TEDx – Visionen neu gedacht

TEDx? Was ist das? Um es herauszufinden besuchte ich die erste TEDx, die ihr Debüt in Stuttgart feierte. Schnell befand ich mich inmitten einer lokal, eigenständig organisierten Konferenz, in deren Rahmen Menschen zusammen kommen, um wertvolle Ideen miteinander zu teilen und regional sowie weltweit zu verbreiten. Schließlich werden bei einer TEDx-Veranstaltung  neue Verbindungen zwischen Menschen, Themen und Unternehmen geknüpft. Auf mich wirkte das ganze ein wenig wie ein „Reality Facebook“ oder Google+.

Das Kürzel steht übrigens für Technology, Entertainment und Design, aber das galt für die Teds der neunziger Jahre, als sie noch ein Treffen der Silicon-Valley-Elite in Monterey war. Inzwischen findet die eigentliche Ted im kalifornischen Long Beach statt und der Themenkreis wurde um Natur- und Geisteswissenschaften, Menschenrechte, Film, Musik und Kunst erweitert. Stuttgart bildet somit unseren lokalen Ableger und eine attraktive Bühne für Vordenker getreu der der Veranstaltung zu Grunde liegenden Gedanken: „Ideas worth spreading“.

Durch die Kombination aus Rednern auf der Bühne, ausgewählten TED-Talk-Videos und natürlich dem geladenen Publikum entstanden leidenschaftliche, spannende Diskurse und humorvolle (oft neue) Einsichten.
Die Regeln für die Redner sind einfach – eine Idee, eine Bühne, eine Projektionsfläche, gute 20 Minuten Zeit. Und schon geht’s los. Die „Konkurrenz“ ist vielfältig. Die meisten, die hier vortragen haben im Leben bereits viel bewegt.

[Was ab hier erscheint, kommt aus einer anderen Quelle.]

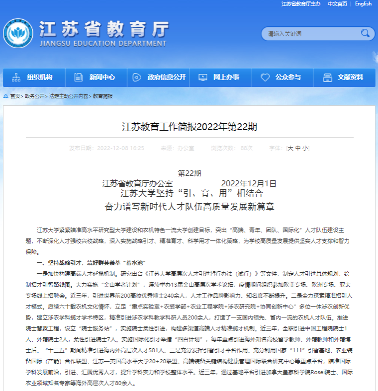 12月8日,江苏省教育厅《江苏教育工作简报》(2022年第22期)以《开云网页版登录入口坚持“引、育、用”相结合 奋力谱写新时代人才队伍高质量发展新篇章》为题,从坚持战略引才,筑好群英荟萃“蓄水池”;坚持精准育才,厚植全面成长“好沃土”;坚持科学用才,彰显才尽其用“大作为”三个方面,专题报道了我校人才工作的思路、举措与成效。

Auf die Frage, was auf der TEDx eigentlich behandelt wird, gibt es keine einfache Antwort. Kollegen haben immer wieder ein paar Schlagworte ins Spiel gebracht – Woodstock der Ideen, oder das Davos der Weltverbesserer.

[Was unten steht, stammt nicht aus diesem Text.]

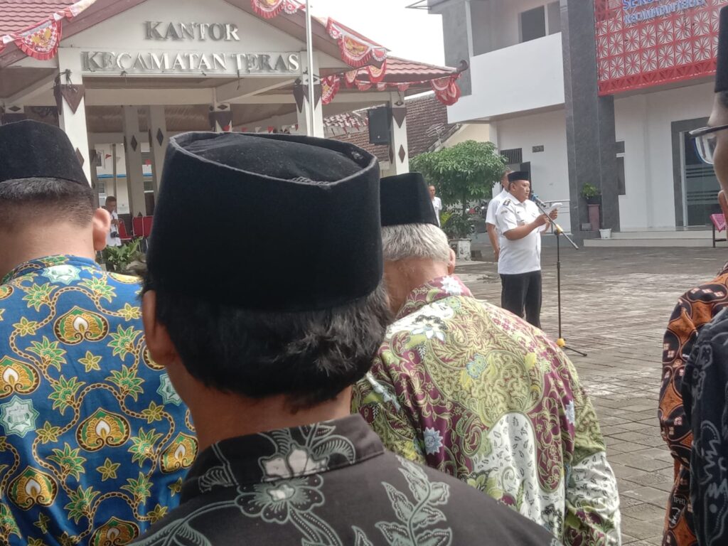 Kegiatan apel berlangsung khidmat dan penuh semangat kebangsaan. Acara ini diikuti oleh berbagai unsur masyarakat dan tokoh agama, di antaranya para kepala desa se-Kecamatan Teras, pimpinan ormas Islam, MWC NU Kecamatan Teras, GP Ansor dan Banser, pimpinan Muhammadiyah, MTA, LDII, serta delapan pondok pesantren yang ada di wilayah Kecamatan Teras.

Wenn das hier Woodstock war, dann ist der Initiator Martin Drognitz der Jimi Hendrix des Optimismus.
Nach seiner Begrüßung hatten die Redner ihren Auftritt. Abwechslungsreich und bunt gemischt waren die Themen. So wurde mir ein Potpourri von intelligenten Städten der Zukunft, extremer Landschaftsarchitektur, innovativem Lichtdesign und studentischen Visionen, die Ihren Weg in die Realisierung fanden, geboten.

Erfrischend, ja ich bin hier vorbelastet, war der Vortrag des Kollegen Andreas Leo zum Thema „Innerstädtische Mobilität neu gedacht“. Anschaulich regte er zum Nachdenken an und schaffte es einen Bogen zu spannen zwischen alten Stereotypen wie: „Am liebsten möchte ich nichts verändern, aber sauber sollte es sein“ hin zu geteilter Mobilität als Ansatz für Lösungen und intermodaler Vernetzung, bei der die unterschiedlichsten Bedürfnisse an Verkehrsmitteln berücksichtigt werden. Logisch das in diesem Zusammenhang auch car2go und car2gether genannt wurde.

Für mich schloss sich nun der Kreis auch wieder und mir wurde klar, warum sich Daimler hier als Sponsor einbrachte. Es ist wichtig, seine Themen nicht nur auf den Webportalen präsent zu halten, sondern man muss über neue Formate, wie zum Beispiel die re:publica nachdenken und dorthin gehen, wo Querdenker und Multiplikatoren sitzen, die reflektieren und getreu dem Motto „ideas worth spreading“ Visionen über die Stadtgrenzen hinaustragen.

Am Ende der Veranstaltung stellt sich für mich ein Zustand mentaler Erschöpfung ein. „Ted Lag“ nennen sie diesen Kater der Reizüberflutung. Nachdenken werde ich später.